Efren: A banda é sempre democrática na questão das letras. Porém, até hoje, além de mim, só duas canções foram compostas por outros integrantes, 1 em 2007 pelo Artur (Baixista) e outra também em 2007 pelo Lucas que era parceiro da banda. Aliás, teve outras composições, agora que lembrei, O Matheus (Baixista) compôs 1 também que não foi gravada em 2014. E o Yan (Guitarrista) também compôs 1 em 2014. Geralmente eu tomo a frente nas composições.

Inforock: A banda já passou por diversas mudanças de integrantes, o que ocasionou a constante alteração e o que isso influenciou na banda?

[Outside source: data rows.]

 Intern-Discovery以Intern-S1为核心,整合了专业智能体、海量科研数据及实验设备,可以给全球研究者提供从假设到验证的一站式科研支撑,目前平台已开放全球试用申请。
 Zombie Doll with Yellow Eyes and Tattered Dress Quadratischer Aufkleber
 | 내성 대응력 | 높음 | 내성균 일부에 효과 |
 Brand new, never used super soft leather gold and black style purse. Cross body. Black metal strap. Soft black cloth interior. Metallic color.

Efren: As dificuldades para se manter uma banda, muitos precisaram trabalhar, estudar, outros formaram família e ficou complicado conciliar. Fazer parte de banda, principalmente na região norte do Brasil é muito complicado, tem que ser guerreiro, porque não é fácil.
Toca Rock Festival. Foto: Patricia Vera


Inforock: Entendo. Sobre a formação atual , eu percebo que tem se mostrado mais consistente.Vocês planejam gravar algum material juntos? Poderia nos contar as novidades para 2017?

Efren: Ah sim! Essa formação já está marcada com certeza. Fizemos alguns shows em 2016, temos alguns agendados para 2017 e a ideia é gravar uma demo contendo 5 faixas e também produzir o primeiro clipe oficial da banda, já estamos conversando com os produtores.

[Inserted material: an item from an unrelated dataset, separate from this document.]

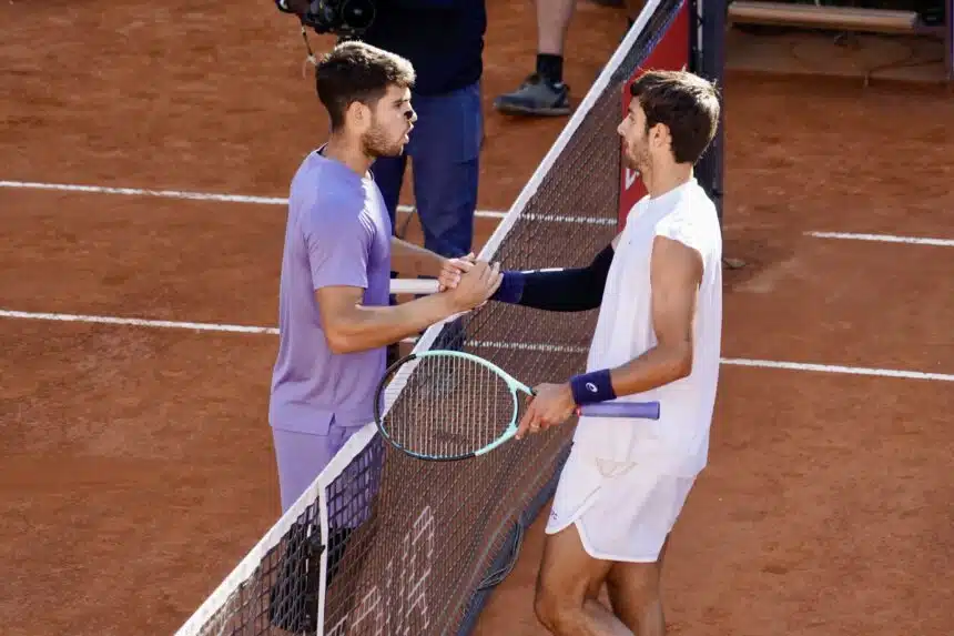 I precedenti tra i due, dicevamo. Sono sei e vedono il giocatore di El Palmar avanti con uno score di 5-1. Quello consumatasi sulla terra battuta degli Internazionali BNL d’Italia – l’ultimo in ordine cronologico – ci ha raccontato di un Carlos più reattivo all’alba del match, convivendo con le difficili condizioni di gioco, a dispetto di un Musetti che ha invece faticato per quasi un’ora prima di trovare un discreto feeling con il proprio gioco spumeggiante. L’incontro in questione, valevole per le semifinali deI prestigioso torneo italico, si è poi concluso con il punteggio finale di 6-3 7-6(4) a favore di Alcaraz. In principio, però, fu la finale di Amburgo nel 2022, quando con il punteggio di 6-4 6(6)-7 6-4 Lorenzo riuscì a diventare il quarto italiano a trionfare nella città tedesca e ad interrompere l’imbattibilità di Alcaraz nelle finali ATP (era 6-0, senza perdere neanche un set). Agli ottavi del Roland Garros del 2023, invece, Lorenzo dovette arrendersi – in tre set e con il punteggio finale di 6-3 6-2 6-2 a favore di Carlos – al giocatore iberico (che poi sarebbe stato battuto in quattro set dal futuro campione dello slam parigino Novak Djokovic).

Inforock: Legal! Algum show para fora do estado ou somente no Tocantins?

Efren: Fevereiro vamos tocar em Paraiso, Março talvez em Palmas e em Julho no Pará.Estamos em contato com outras cidades para fechar shows.

Divulgação banda

Inforock: Com a formação atual vocês já tocaram fora de Palmas, poderia nos contar como é a recepção do público diante do som?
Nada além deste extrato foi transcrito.